Python Fiddler DingTalk PC end group playback video crawling

Python Fiddler DingTalk PC end group playback video crawling

The playback videos in the DingTalk group are set by the group administrator to not be able to download, but sometimes these videos are needed to facilitate circulation and open the speed adjustment, etc., and you can see the video directly without opening the PC terminal. , But how to download it?
Insert picture description here
1. Fiddler captures packets
1. First of all, you must understand a truth, as long as you can see and hear the data on your computer, these data should have existed on your computer, that is, these data can be accessed and crawled. This is "Climb when you see it" in crawlers. But as for whether to climb or not to get data, it depends on the method and technology.

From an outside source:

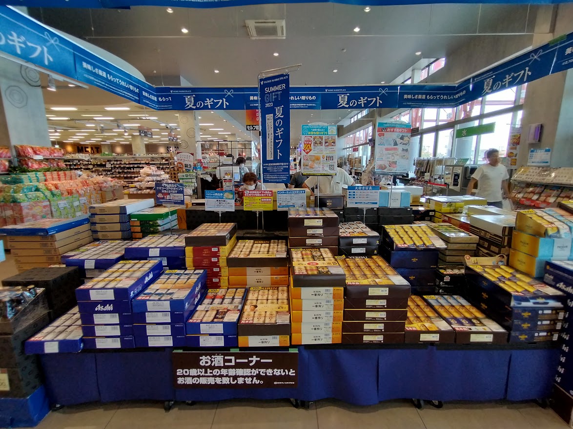 サービスカウンター前には、御中元やお歳暮など季節に合わせたギフトなどが並んでいます。ご注文はサービスカウンターで承っています。

Fiddler is also called "the violin", quoting Baidu Encyclopedia:
"Fiddler is an http protocol debugging proxy tool, it can record and check all the http communication between your computer and the Internet, set breakpoints, and view all" In and out of "Fiddler data (referring to cookies, html, js, css, etc.). Fiddler is simpler than other network debuggers because it not only exposes http communication but also provides a user-friendly format."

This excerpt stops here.